Not surprisingly, both Dr. Aina and Dr. Ohiri have impressive academic and professional backgrounds. While Dr. Aina has a Master’s in Public Health from Harvard University and a Doctorate from Johns Hopkins University, in addition to his medical certification from the University of Ilorin in Nigeria, Dr. Ohiri has a Master’s in Public Health from Harvard University and a Master’s in Public Policy from Harvard’s Kennedy School of Government, in addition to his medical certification from the University of Lagos in Nigeria.
They also have extensive experience working in the global health sector with Dr. Aina working at the World Health Organization and the African Development Bank, while Dr.

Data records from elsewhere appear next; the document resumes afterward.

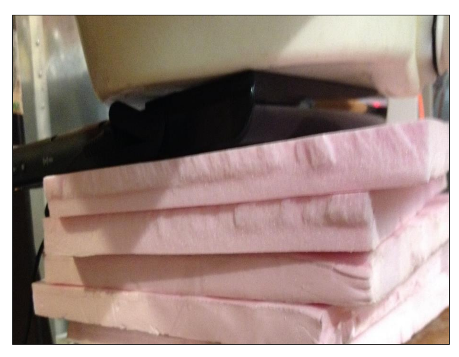
Photograph 1. Back Side of the Unit against Phantom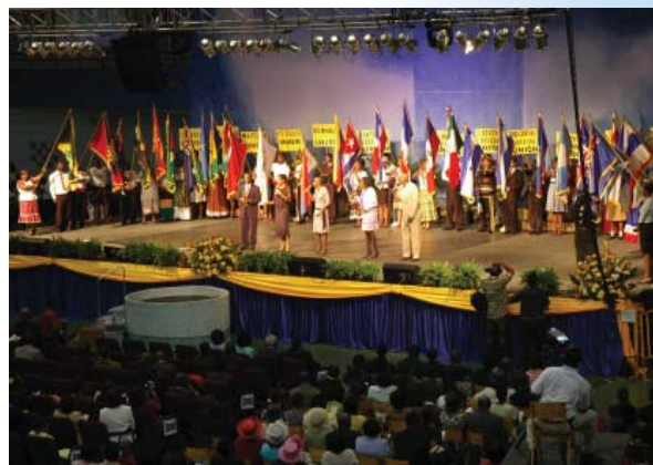
The colourful display and parade of all 15 Unions in the IAD.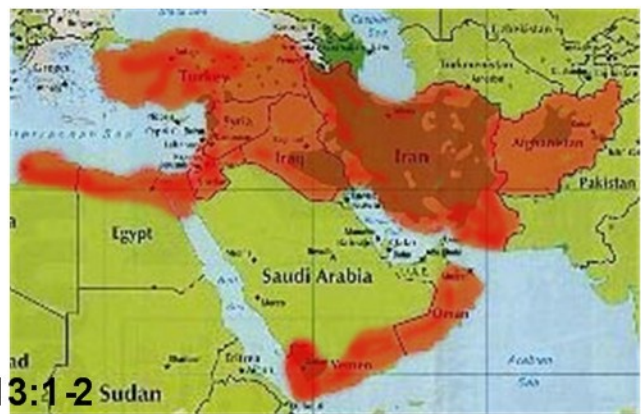
Revelation 13:1-2 Sudan

1) And I stood upon the sand of the sea, and saw a beast rise up out of the sea, having seven heads and ten horns, and upon his horns ten crowns. and upon his heads the name of blasphemy. 2) And the beast which I saw was like unto a leopard, and his feet were as the feet of a bear, and his mouth as the mouth of a lion: and the dragon gave him his power, and his seat, and great authority.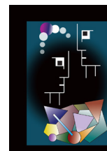
"DADA 2.0" by Kelly Postula

This exhibit invites artists to express absurdity and discontent through the lens of Dada. All forms of art are welcome – particularly the mediums of collage, cut-up writing, and sculpture, which embody the spirit of original Dada. Reject logic, reason, and decadence through an artistic expression of nonsense, irrationality, and unconventionalism. The more absurd, the better! Details at DelRayArtisans.org/2021/12/dada-cfe .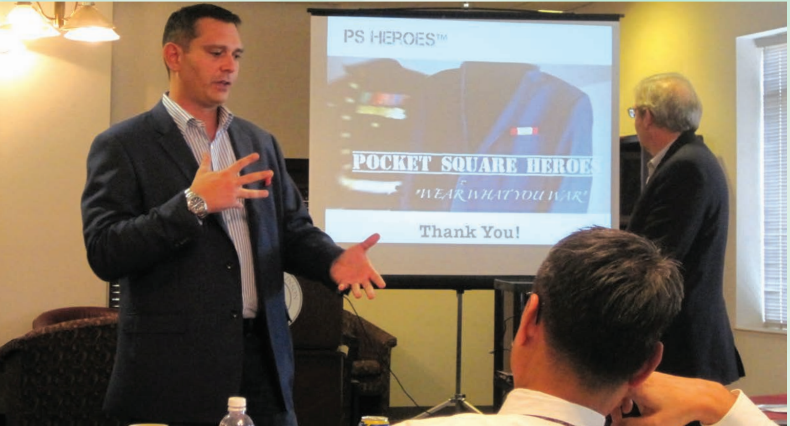
VLV student presenting his marketing plan for a clothing accessory business for returned military-service members.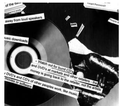
Techno Safe zine

The Northern Midlands Council approached TRA mid 2006 to help coordinate a project about the uses and abuses of technology like the internet and mobile phones called "Techno - Safe". The project involved filming and editing a media snippet and creating graphics and content for a zine. Karlee conducted 9 workshops at Cressy with 6 students, one of which included hands-on training with Southern Cross TV assistant editor (and young person) Stacey Eastoe. The media snippet and the zine were successfully launched at both Cressy District High and Campbell Town District High in December 06.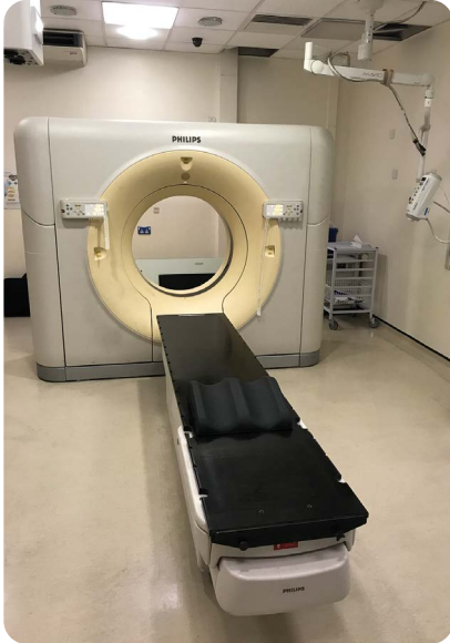
CT Planning Scanner

Everybody's radiotherapy treatment is tailored to them individually and so the process of planning can take a number of weeks.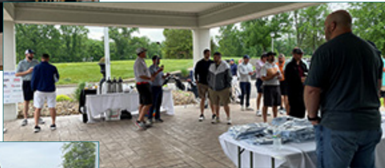
At right, Spring Swing participants take time to visit before hitting the links.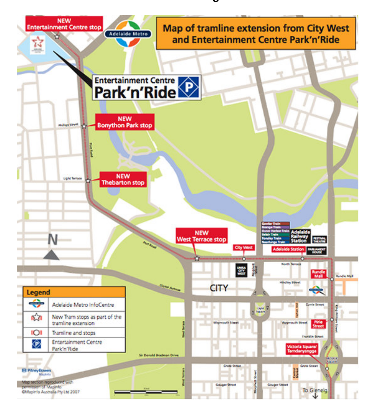
Adelaide's new Tramway – pages 8-9

No. 212, April 2010 ISBN 1038-3697 RRP $2.95 Published by the Australian Association of Timetable Collectors www.aattc.org.au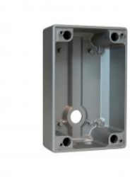
TA-1 Turbine Compact Onwall Back Box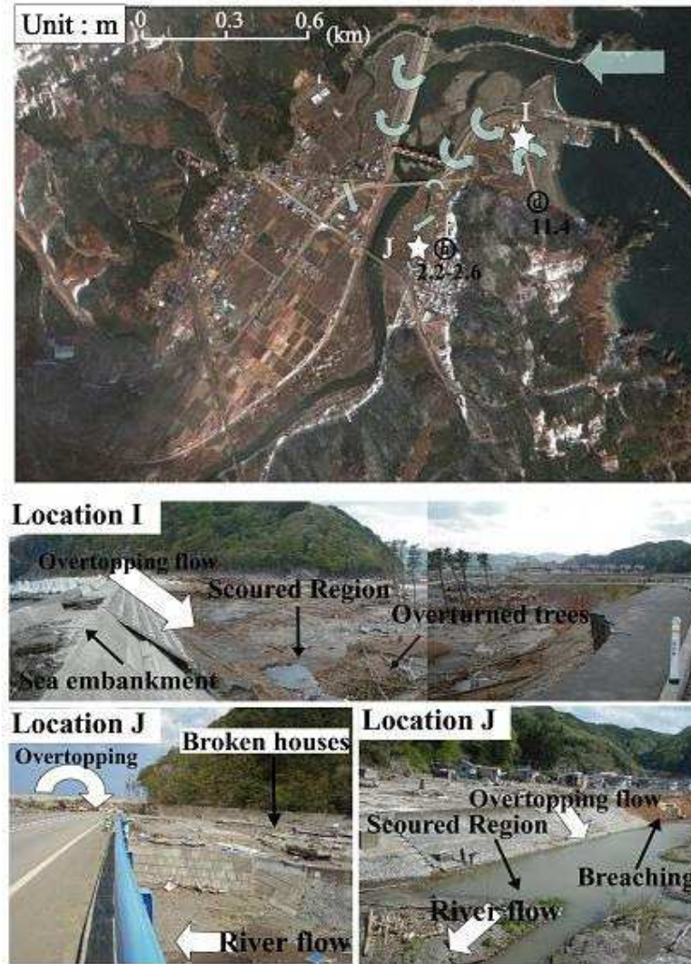
Figure 5 Damaged situation in Omotogawa River Basin

overtopping flow (Location J). From large scoured regions on floodplain of the river bed, and a scattered region of a broken parapet on the embankment, the breaching was supposed to be occurred from the inland side to the river. Even if a tsunami gate had existed, the tsunami would have been higher than the tsunami gate and the sea embankment; in fact, the tsunami inundation occurred mainly from the high embankment with high potential energy, and washed out or broke the houses. On contrary, in case of a small river in Chiba prefecture, the tsunami was stopped at the gate, because the tsunami height was low in comparison with Iwate Prefecture.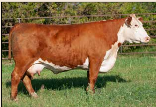
Lot 22 – HH Miss Advance 5184C ET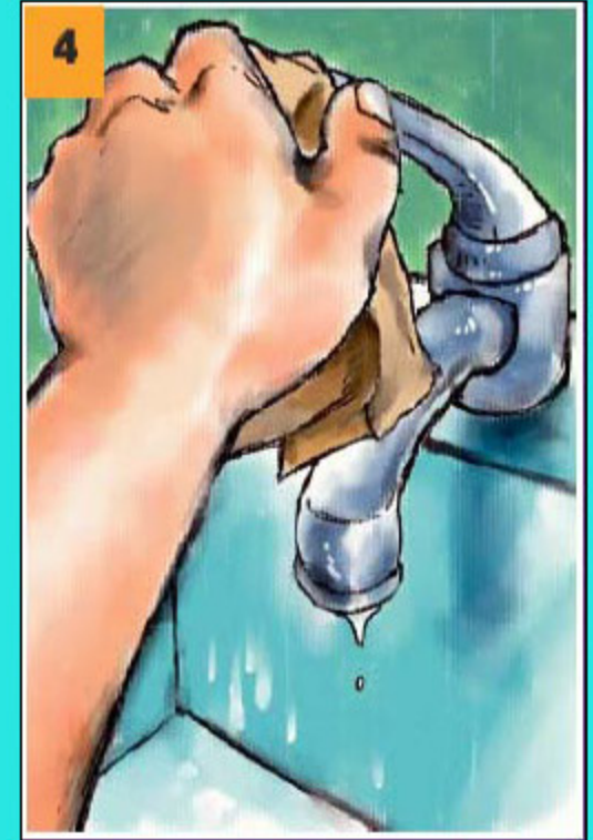
Use towel to turn off water and open door

Wash Hands Often to Protect Your Health and the Health of Your Family

Ohiri has worked with the World Bank, McKinsey & Company, and the National Health Service (NHS) of the United Kingdom.
The heart of the matter is clear: these appointments have the potential to significantly drive the realization of increased health outcomes for Nigerians. Each appointment is a crucial puzzle piece in the complex mosaic of the healthcare sector. Dr. Pate’s international experience and leadership acument, Muyi Aina’s focus on primary healthcare, and Kelechi Ohiri’s efforts in health insurance harmoniously align with the President’s vision for healthcare reform. These leaders, with their diverse backgrounds and experiences, are positioned to address Nigeria’s most pressing healthcare challenges, improve infrastructure, access to healthcare, and healthcare financing, and position Nigeria as a global leader in health security and services.
The implications of these appointments are profound and far-reaching, setting the stage for a new dawn in Nigeria’s healthcare sector. The synergy and collaboration among these leaders, driven by a commitment to service and a common vision, can catalyze a healthcare transformation that will benefit all Nigerians. As we witness these changes unfold, it is crucial for the public, healthcare professionals, and stakeholders to offer their support and maintain a united front. Confidence in the healthcare system is paramount, and through accountability and transparency, the nation can navigate the challenges and obstacles that lie ahead.
Glaringly, President Tinubu’s strategic healthcare appointments are not just a change in personnel; they are a commitment to a brighter and healthier future for Nigeria. With these leaders at the helm, we are at the cusp of a new era in Nigerian healthcare, where the healthcare agenda’s promise of accessible and affordable healthcare for all may become a reality. Could this be the long-awaited moment?